RECORD SET
Segment Open
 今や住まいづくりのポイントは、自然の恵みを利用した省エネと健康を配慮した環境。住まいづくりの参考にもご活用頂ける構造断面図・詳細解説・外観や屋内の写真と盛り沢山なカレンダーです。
Segment Closed
Segment Open
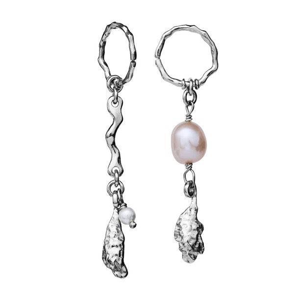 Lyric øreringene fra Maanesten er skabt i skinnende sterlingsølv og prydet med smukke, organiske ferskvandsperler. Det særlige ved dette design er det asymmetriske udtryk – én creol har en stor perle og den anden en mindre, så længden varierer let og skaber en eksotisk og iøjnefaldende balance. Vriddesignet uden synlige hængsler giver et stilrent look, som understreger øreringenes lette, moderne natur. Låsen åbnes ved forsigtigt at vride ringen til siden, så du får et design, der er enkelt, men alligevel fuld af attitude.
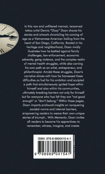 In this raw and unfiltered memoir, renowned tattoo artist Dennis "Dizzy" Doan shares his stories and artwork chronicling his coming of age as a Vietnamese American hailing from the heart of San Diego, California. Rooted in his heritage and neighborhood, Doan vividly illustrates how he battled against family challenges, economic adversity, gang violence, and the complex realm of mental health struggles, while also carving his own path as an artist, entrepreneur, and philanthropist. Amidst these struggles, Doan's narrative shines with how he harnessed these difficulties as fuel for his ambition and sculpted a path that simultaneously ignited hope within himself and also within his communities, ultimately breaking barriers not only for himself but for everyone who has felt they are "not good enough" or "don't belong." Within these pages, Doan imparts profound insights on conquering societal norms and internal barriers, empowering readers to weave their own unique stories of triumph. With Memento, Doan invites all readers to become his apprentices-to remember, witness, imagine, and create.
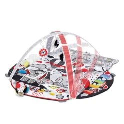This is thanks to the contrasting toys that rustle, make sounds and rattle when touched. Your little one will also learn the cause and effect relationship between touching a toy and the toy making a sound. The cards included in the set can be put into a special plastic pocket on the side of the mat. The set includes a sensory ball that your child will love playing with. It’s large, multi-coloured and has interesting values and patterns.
Segment Closed
Segment Open
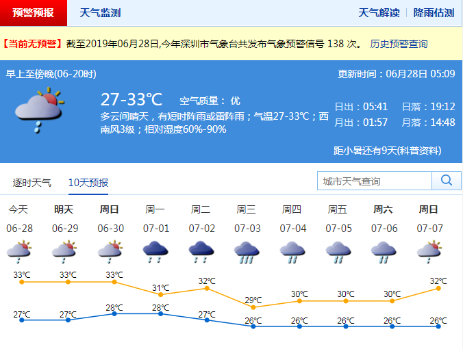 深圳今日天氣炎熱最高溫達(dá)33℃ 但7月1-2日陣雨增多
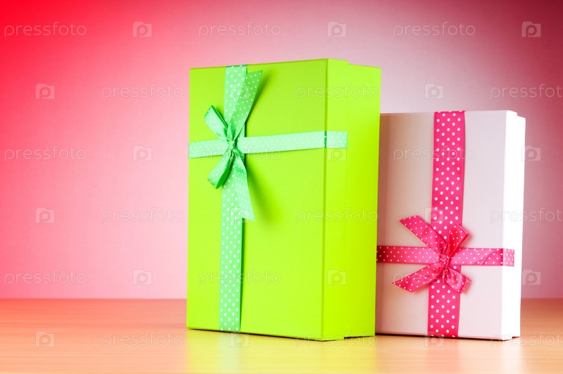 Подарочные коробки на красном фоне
Segment Closed
REQUIRED WORK
Starting at the line that contains "深圳今日天氣炎熱最高溫達(dá)33℃ 但7月1-2日陣雨增多" and ending at the line that contains "Подарочные коробки на красном фоне", transcribe the material above exactly, excluding pictures.

RESPONSE
 深圳今日天氣炎熱最高溫達(dá)33℃ 但7月1-2日陣雨增多
 Подарочные коробки на красном фоне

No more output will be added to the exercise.